The full version shows grade data separated by demographic categories; charts, graphs and other data visualizations highlight equity gaps in grades among the groups.

To address inequities

Kem Saichaie, executive director of the UC Davis center, said one purpose of the orientation is to check the temptation to allow the data to confirm any biases and instead reinforce its purpose for addressing inequities. “We want to make sure instructors understand how to use it responsibly and as a reflective tool to inform teaching practices,” he said.

Saichaie and Steinwachs emphasized that student privacy is paramount. Data is not linked to student names or other identifying information, and no data is presented where the number in a data group would be fewer than 10.

How it was developed

Steinwachs said the idea for KYS evolved from individual data and spreadsheet requests the center received from instructors.

Facciotti worked with a faculty advisory committee, and the project team consulted with representatives of the Academic Senate, the university registrar and provost as they worked through data governance, privacy and other issues.
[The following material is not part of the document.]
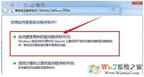 5、选择更新驱动程序,弹出如何更新系统程序,有两种更新模式,一种是自动搜索更新的驱动程序软件,另一种是浏览计算机以查找驱动程序软件。如果没有事先从显卡官网上下载最新驱动程序,可以选择自动搜索更新的驱动程序软件。如图所示:
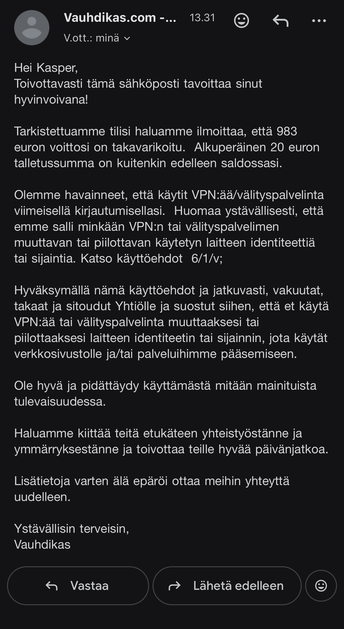 Tämä herättää vakavan epäilyn siitä, että VPN-ehtoa käytetään järjestelmällisesti tekosyynä voittojen maksamatta jättämiseen.

It took about three years to create the initial dashboard. Gerhart was one of about 30 beta users who provided feedback.

Steinwachs said he drew on information from the registrar’s office and Institutional Analysis. He has taken inspiration and a few features from the California State University’s Student Success Dashboard and the SEISMIC Collaboration, made up of UC Davis and nine other universities working to address inequity and non-inclusion in STEM education.

The UC Davis tool, Steinwachs said, stands out for the richness of class-level information it provides. “To see this data at your course level is just not common,” he said.

For instructor’s use only

The data is available only to the course instructor, not department chairs or other administrators. “It’s for the instructor to investigate their own course and reflect and improve their own teaching,” Steinwachs said. To help instructors act on what they’ve learned from KYS are the center’s consultations, workshops and Just-in-Time Teaching Resources.

Gerhart said she has shared data from her classes in meetings to consider adding small group discussions to the introductory biology series.

Steinwachs invites requests for additional features, and Gerhart asked him to add information on how her students perform once they leave her class. “How do they do in other courses that follow? Am I actually preparing students for the classes this feeds into?” she voiced as she showed off multiple screens.

“Oh! It’s already here,” she said with surprise. “I didn’t know he got to that. I’m so excited.”